When the sample is pumped with a 532 nm pulsed laser, the triple microrings laser has a single-mode lasing emission at the wavelength of 612 nm with 0.6 nm Full width at half maximum (FWHM), while this value for different double microrings configurations is 0.8 nm. Figure 6a shows the triple microrings laser spectrum in different pump powers. The stability of the laser is very suitable for pump powers much higher than the threshold pump energy. According to the FSR formula^13,27, there is only one exciting mode in the ASE spectrum (wavelengths from 580 to 660 nm) shown in Fig. 5i. As can be seen in Fig. 6a, the triple microrings laser output spectrum has been significantly improved with high SMSR, and all high order or side modes have been eliminated by engineering the structure of triple coupled microrings, also a pure single-mode emission for different pump energies has been achieved experimentally, which is theoretically demonstrated in Fig. 2a and simulated shown in Fig. 5j.
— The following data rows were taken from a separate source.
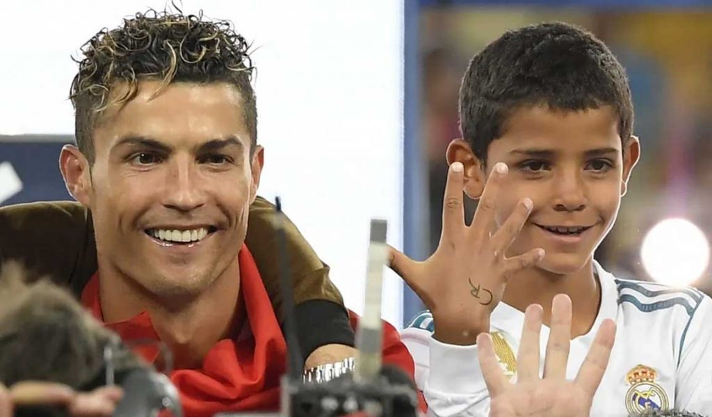 وظهر جونيور مرتديا سترة رياضية من شركة “نايكي” الأميركية، التي يمثلها رونالدو، وجوارب وحذاء من شركة أديداس، المنافس الأول لنايكي.
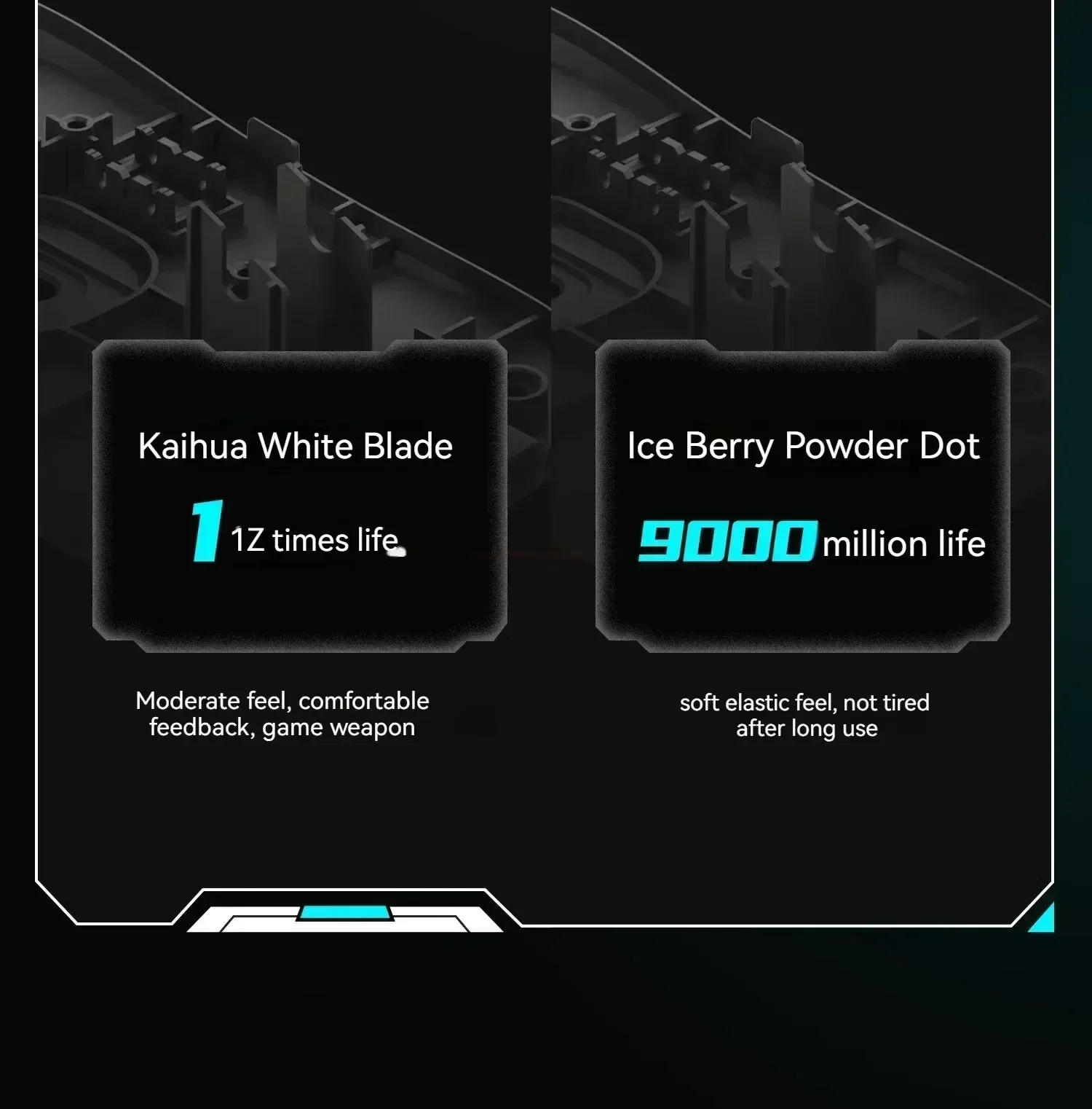 - Switch — Kailh white Blade/Ice Berry Pink Dot: Soft/Balanced Feel, Long Lifespan, Suitable for Prolonged Use.
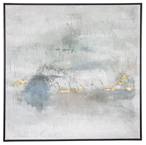 This abstract hand-painted wall art enhances a spirit of relaxation and movement. It features free-floating blues and greys with a touch of golden accents. This wall decor will compliment a modern-styled home or office.Read More
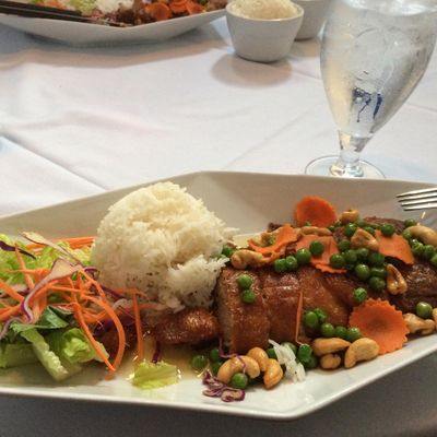 The Golden Triangle fried tofu with dipping sauce is a standout appetizer. For main courses, the Pad Thai flat noodles and the Pao Khing with refreshing young ginger are highly recommended.food_potoo
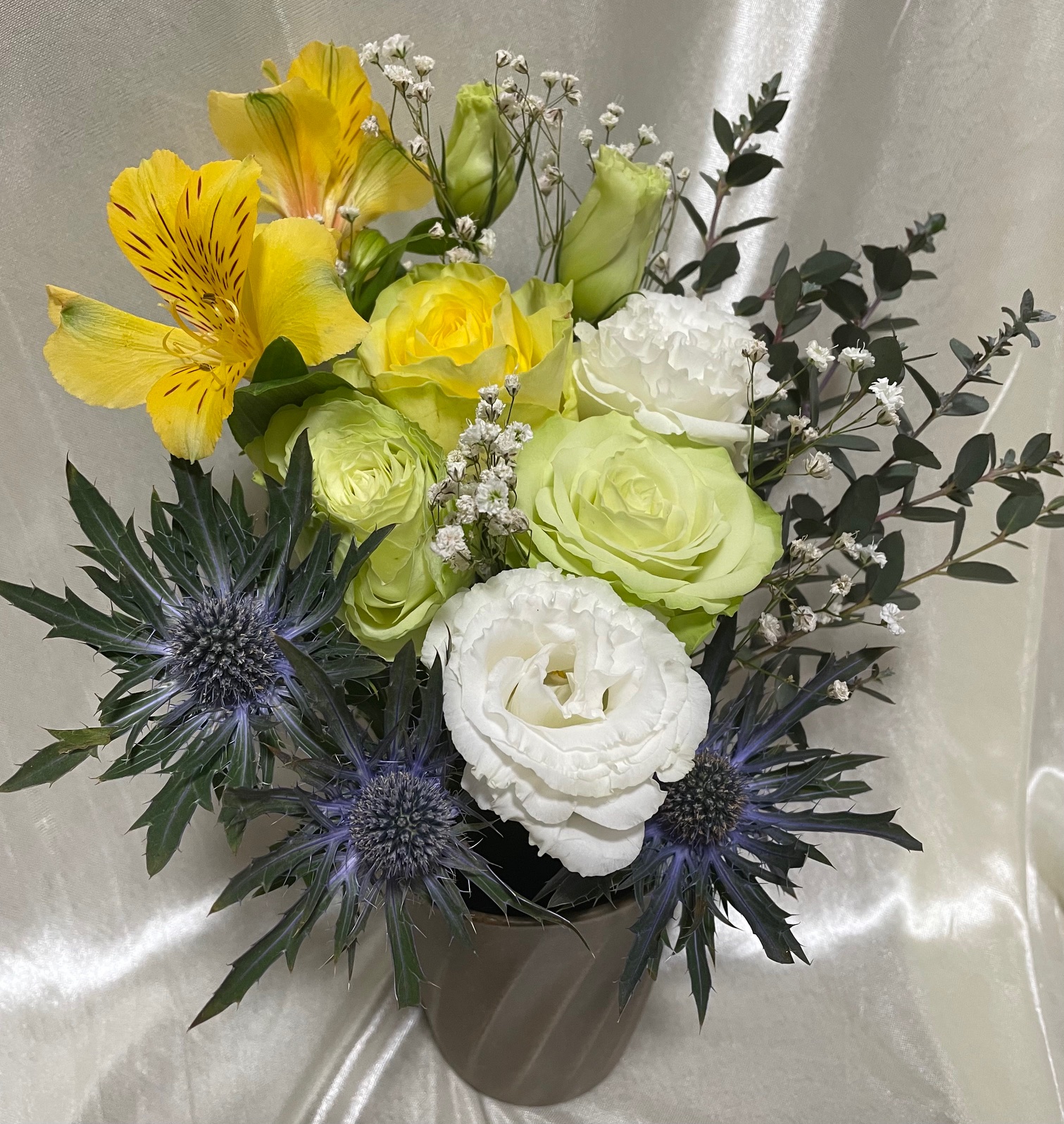 久々に、いただいたお花ではなく自分で(自己流ですが)アレンジしたお花。マグカップにオアシスを入れてアレンジしてます笑ライトグリーンのバラ、もう1本ほしかったかなー。カスミ草ももう少し入れてもよかったんだけどあんまりギュウギュウにしてもね、と思い。2週間ほど前にいただいたお花は傷んだものを取り除きつつもまだ楽しめている。大小合わせて、お花のアレンジが今4つ。ありがたい。
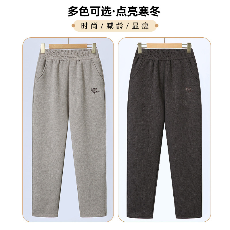 妈妈裤子春秋款松紧高腰弹力中老年女裤宽松大码直筒奶奶加绒长裤
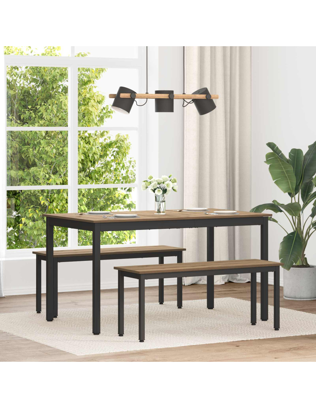 - Superficie in legno ingegnerizzato Il tavolo ha una solida superficie in legno ingegnerizzato, garantendo durata e resistenza all'usura quotidiana. Facile da pulire, questo materiale ha anche una finitura elegante, migliorando l'aspetto del tuo spazio pranzo. La sua texture liscia è perfetta per incontri sociali e cene tranquille in famiglia.
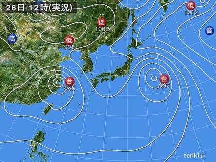 「東の海上を北よりに進んでいる台風8号は、今夜には関東の東に進み、あすは関東甲信や東北に上陸する恐れがあります。北陸や関東甲信、東北は今夜から次第に雨が降り出すでしょう。あすは雨や風がさらに強まり、荒れた天気となりそうです。土砂災害や低い土地の浸水、川の増水や氾濫、暴風や高波に警戒して下さい。」

To clearly show the SMSR for three coupled microrings arrangements Fig. 6b is presented. Figure 6b indicates the normalized logarithmic spectrum of triple microrings laser which represent an improvement of corresponding SMSR for this configuration over 20 dB in comparison with double microrings structures. The highest SMSRs are 5.65, 4.7, and 9 for the two-ring cavities structures. Figure 6c represents the normalized output emission intensity of the integrated triple microrings laser compared to the double microring resonators as a function of pumped energy. The lasing thresholds of various double microring structures are about 16, 17, and 8 µJ/mm². The solid black line in Fig. 6c shows the lasing threshold of triple coupled microrings laser, which is ∼ 31 µJ/mm². We experimentally measured the scattered emitted light power from the microring laser, which is in the order of 50–500 nW. The emitted light power is dependent on the fabrication process, geometrical structure, and measuring set-up arrangement. It is expected with increasing the pump power rate, the laser can maintain its stability, and definitely, a laser with a higher SMSR can be achieved.

Figure 6

(a) Single-mode lasing spectrum of triple microrings laser with radii of 30, 34, and 35 µm for different pump energies, the exciting laser wavelength is achieved at 612 nm with 0.6 nm FWHM (spectrometer resolution is 0.5 nm) and is highly stable with increasing pump energy. (b) Improved corresponding SMSR for triple mutual microrings laser that is more than 20 dB. (c) The normalized output emission intensity of triple microrings laser compared to double microring resonators as a function of pump energy. The solid black line shows the triple microrings lasing threshold of∼31 µJ/mm². A high SMSR lasing signal was observed at a pump power of ~ 58.29 μJ/mm².

Conclusion

In conclusion, we have especially investigated a Vernier effect triple microrings laser with a high side-mode suppression ratio based on Rhodamine-B doped SU-8 as an organic active material which provides a suitable context for fabricating multi-microring structures. The main configuration, which has three microrings coupled together is presented in this paper so that in addition to maintaining the stability of the single-mode operation, it is able to eliminate effectively all the side and high order modes based on the Vernier effect and generate a high side-mode suppression ratio (SMSR) that were proposed as the main goal. The SMSR of the single-mode laser reaches more than 20 dB. Our work provides an effective roadmap for designing on-chip light sources. Due to its simplicity in construction, low cost, and its high sensitivity, it has the ability to be effectively used in optical integrated circuits for wide applications like optical sources, long-distance communications systems, biomedical sensors, and different types of optical gyroscopes.